Removing zeros from a currency is a procedure undertaken by some countries in order to revalue the national currency and simplify financial transactions. This is done by removing a specific number of zeros from the nominal value of the currency, making it appear less inflationary and more stable.
For example, if the currency is the “dinar” and its value is equal to 1,000 dinars, after removing three zeros, its value will become one new dinar.
One of the possible reasons for deleting zeros is to combat inflation. When a currency suffers from high inflation, the nominal values can become very high and impractical to be offered in large quantities in daily transactions. Deleting zeros can contribute to enhancing confidence in the national currency, facilitating accounting operations and financial transactions; this may contribute to improving the country's image before investors and the international community.
Potential challenges of deleting zeros include printing new currency, modifying accounting systems, and training on how to use the new currency. It may initially cause some confusion among residents and consumers, and if the deletion process is not implemented well, it may lead to economic disruptions. As a result, deleting zeros is not a solution to all economic problems, but rather a procedure that requires good planning and careful implementation to ensure that the desired goals are achieved, according to experts.

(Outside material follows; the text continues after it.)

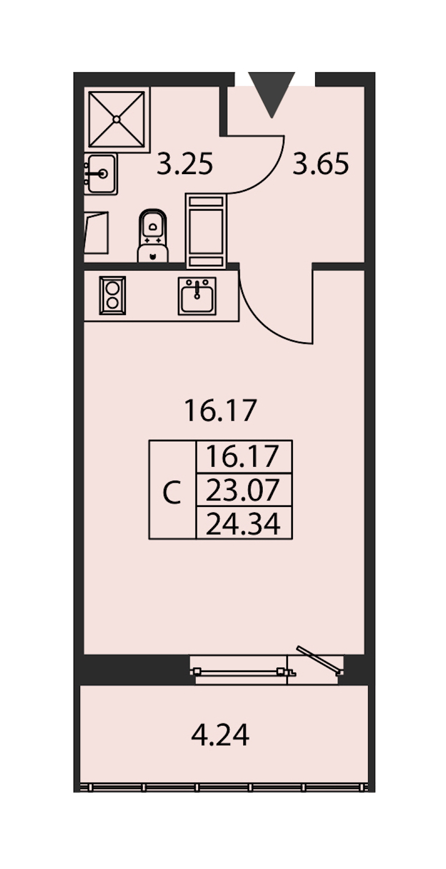 Квартира-студия на 11-ом этаже 23,07 кв.м
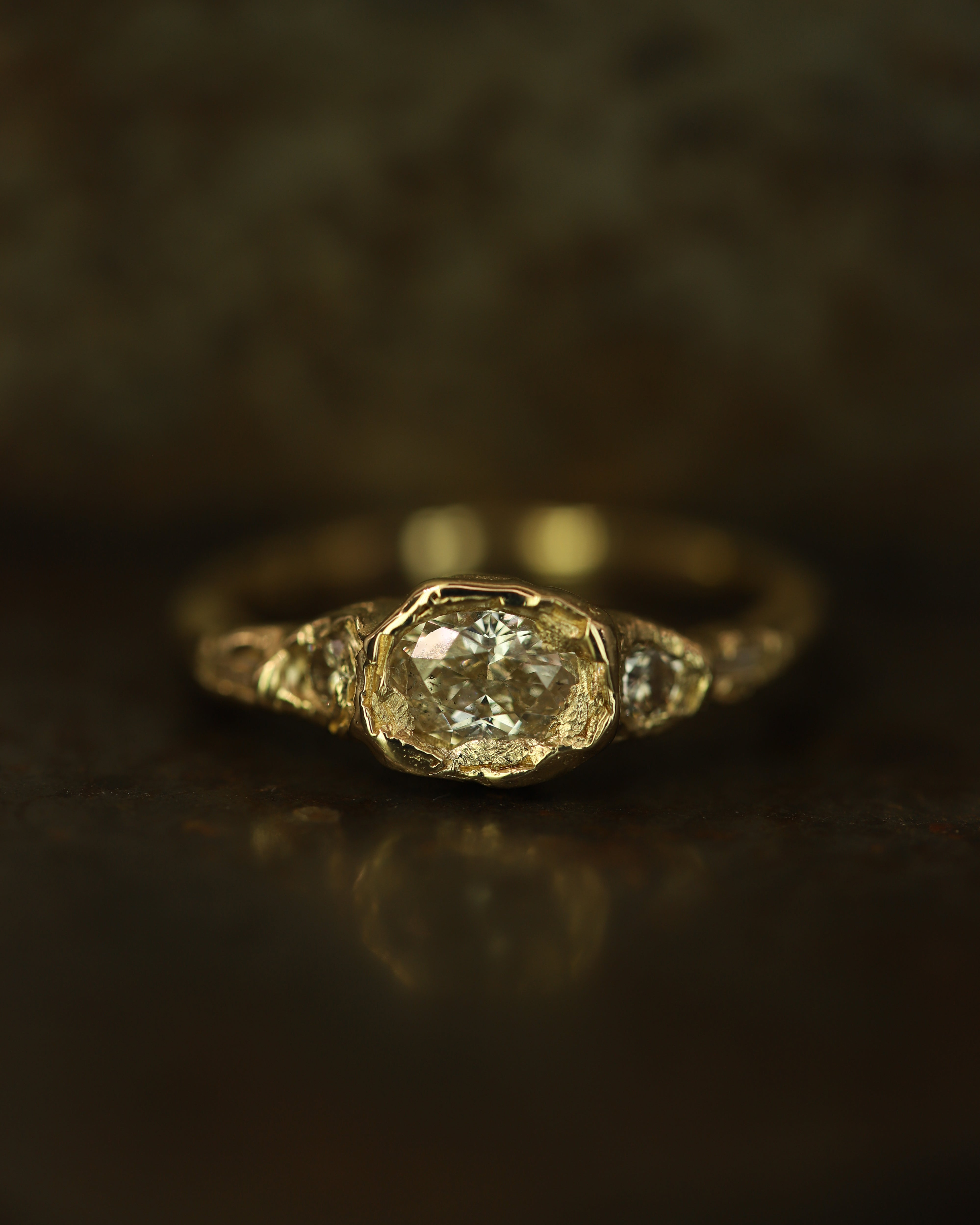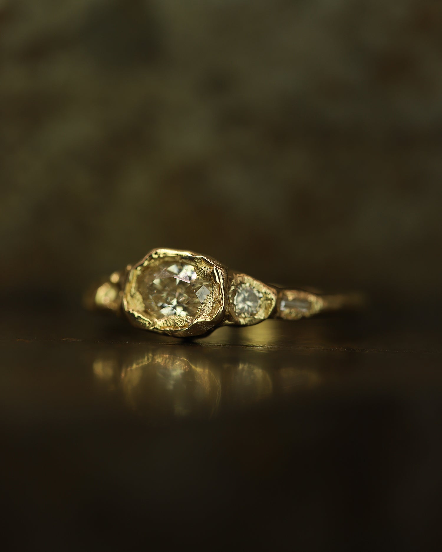 The Armach 1.2ct Oval & Mixed Five Stone Diamond Organic Engagement Ring features a single champagne diamond at its centre surrounded by baguette and round diamonds, set in softly textured gold. Perfect as an alternative engagement ring; worn solo, or stacked with other styles.

Examples of countries that have taken this action include Turkey in 2005 when it removed six zeros from its currency, Brazil on several occasions in the 1980s and 1990s, Zimbabwe, which removed twelve zeros from its currency in 2009, and Venezuela, which removed five zeros in 2018. The number of cases in the world in which currency zeros were removed is estimated at 70 cases witnessed by the world since 1960.
In a renewed statement by the Governor of the Central Bank of Iraq, Ali Al-Alaq, he said that “the project to remove zeros from the currency is still ongoing,” meaning removing three zeros from the Iraqi dinar. For example, the value of the 1,000-dinar banknote will be replaced with a one-dinar note from the new currency, five thousand with five dinars, ten thousand with ten dinars, and so on.
According to experts, the actual value of the money people own does not change after deleting the zeros, but this step contributes to simplifying the buying and selling processes for individuals and companies, and makes the financial amounts simpler and more understandable. Instead of dealing with huge numbers such as a trillion or a million (1,000,000 Iraqi dinars), they can be converted to just one thousand 1,000 dinars after deleting three zeros.
Removing zeros helps in issuing small currencies such as coins, enables the re-pricing of small goods at lower prices, facilitates their circulation and their survival in the markets, and gives a positive psychological boost to the population with the fact that the Iraqi dinar can now buy more goods and services.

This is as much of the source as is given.